合并使用抗酸剂时的剂量调整：避免本品与PPI、组胺-2（H2）受体拮抗剂或局部作用的抗酸剂联合用药。如不能避免联合用药：当与PPI联合用药时，本品需与食物同服。在H2受体拮抗剂服药前2小时或服药后10小时服用本品。在局部作用的抗酸剂服药前2小时或服药后2小时服用本品。与强效CYP3A抑制剂联合用药时的剂量调整

避免本品与强效CYP3A抑制剂联合用药。如无法避免，根据表3中的建议降低本品剂量。在停用CYP3A抑制剂3至5个消除半衰期后，以开始CYP3A抑制剂治疗前所使用的剂量重启治疗。表3：与强效CYP3A抑制剂联合用药时的推荐剂量

特殊人群用药：肝功能不全：重度肝功能不全时的剂量调整：对于重度肝功能不全患者，根据表4的建议降低推荐剂量。表4：重度肝功能不全患者的推荐剂量

轻度和中度肝功能不全：轻度（总胆红素≤ULN，且AST大于ULN，或总胆红素大于1至1.5倍ULN且伴任何AST）或中度（总胆红素大于1.5倍至3倍ULN伴任何AST）肝功能不全患者使用本品不建议调整剂量。应监测肝功能不全的患者服用本品时相关的不良反应。肾功能不全：轻度至重度肾功能不全（根据肾脏病饮食改良[MDRD]公式估计的肾小球滤过率[eGFR]≥15至89mL/min）患者使用本品不建议调整剂量。尚未确定终末期肾病（ESRD）患者中的推荐剂量

由于临床试验是在各种不同条件下进行的，因此不同药物在临床试验中观察到的不良反应发生率无直接可比性，且可能无法反映临床实践中观察到的不良反应发生率。RET基因融合阳性或RET突变的实体瘤：以及下文中描述的安全性人群反映了在LIBRETTO-001研究中702名患者口服本品160mg每日2次的暴露情况。在702名接受本品治疗的患者中，65%暴露6个月或以上，34%暴露1年以上。在这些患者中，95%至少服用了1次本品的推荐剂量（160mg口服给药，每日2次）。中位年龄为59岁（范围：15至92岁）；0.3%为12至16岁的儿童患者；52%为男性；69%为白人，22%为亚洲人，5%为西班牙裔/拉丁裔，3%为黑人。
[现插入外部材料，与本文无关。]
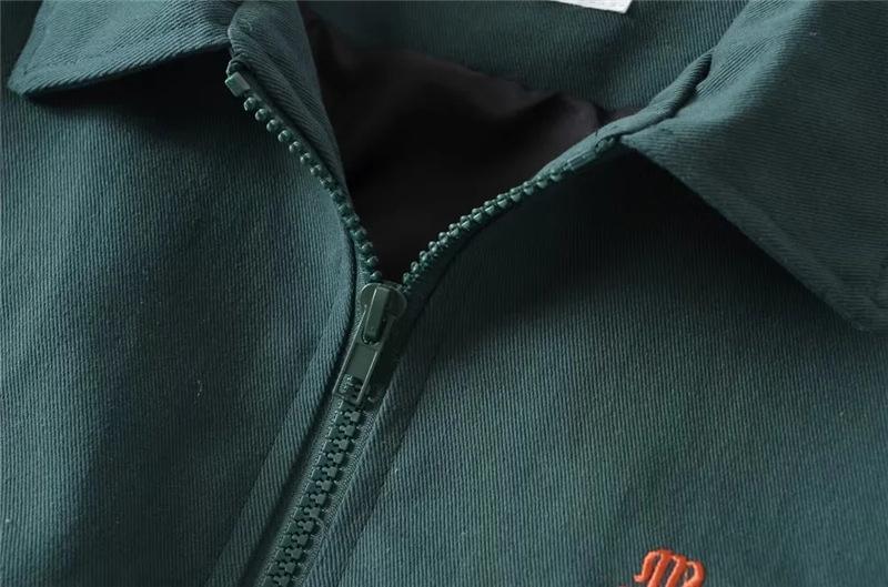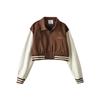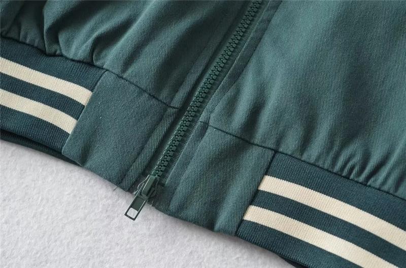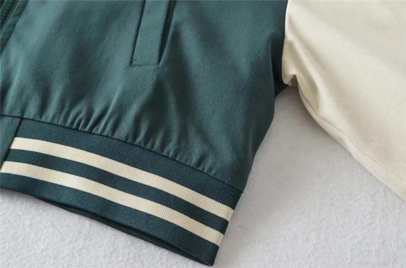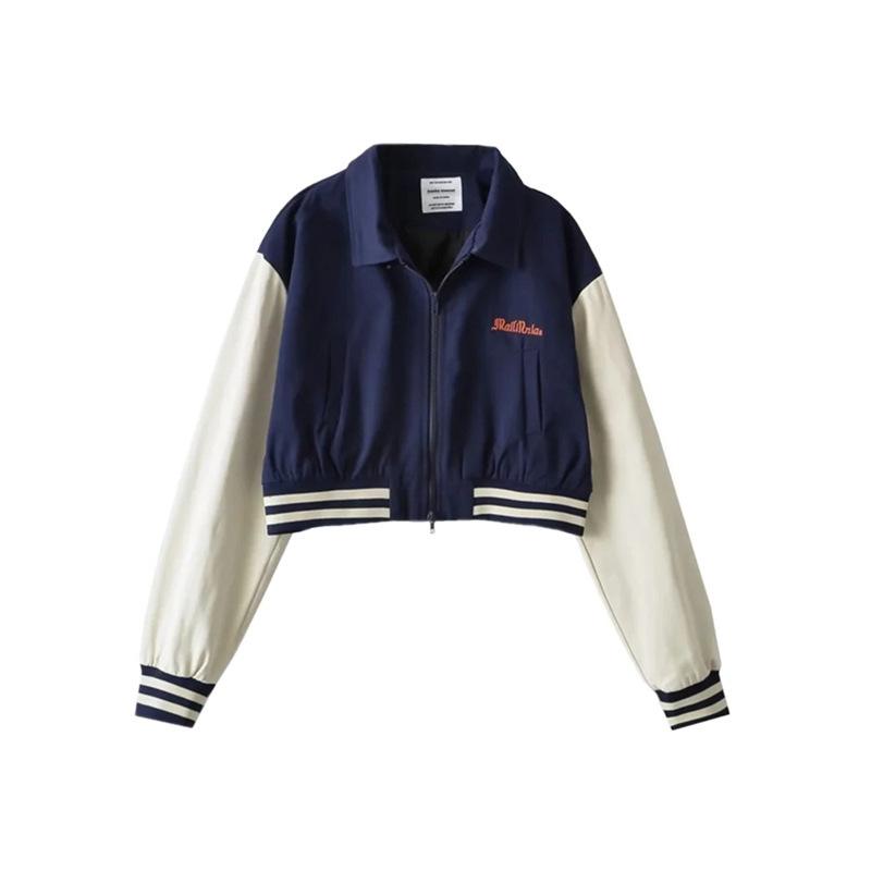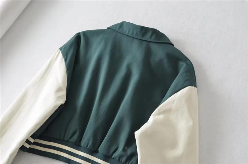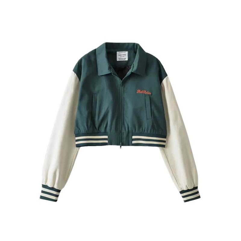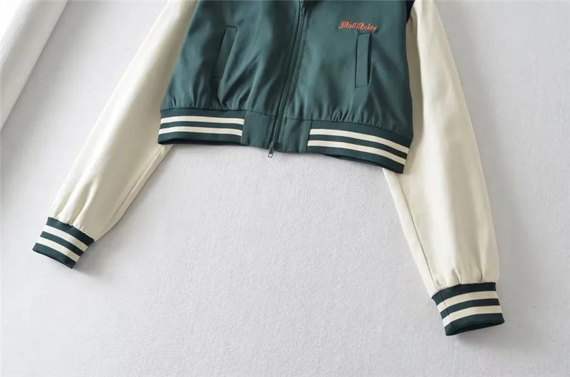 Estilo Universitario Europeo y Americano Solapa Bordada Traje de Béisbol para Mujer Holgado Casual Color en Contraste Cierre de Cremallera Chaqueta Cárdigan Corta Abrigo

最常见的肿瘤为NSCLC（47%）、MTC（44%）和非髓样甲状腺癌（5%）。接受本品治疗的患者中有33%发生了严重不良反应。最常见的严重不良反应（发生于≥2%的患者）为感染性肺炎。3%的患者发生了致死性不良反应；超过1名患者的致死性不良反应为脓毒血症（n=3）、心脏停搏（n=3）和呼吸衰竭（n=3）。接受本品治疗的患者中有5%因不良反应而永久终止治疗。导致永久终止治疗的不良反应包括ALT升高（0.4%）、脓毒血症（0.4%）、AST升高（0.3%）、药物过敏反应（0.3%）、疲乏（0.3%）和血小板减少症（0.3%）。接受本品治疗的患者中有42%因不良反应而暂停服药。导致≥2%的患者暂停服药的不良反应为ALT升高、AST升高、高血压、腹泻、发热和QT间期延长。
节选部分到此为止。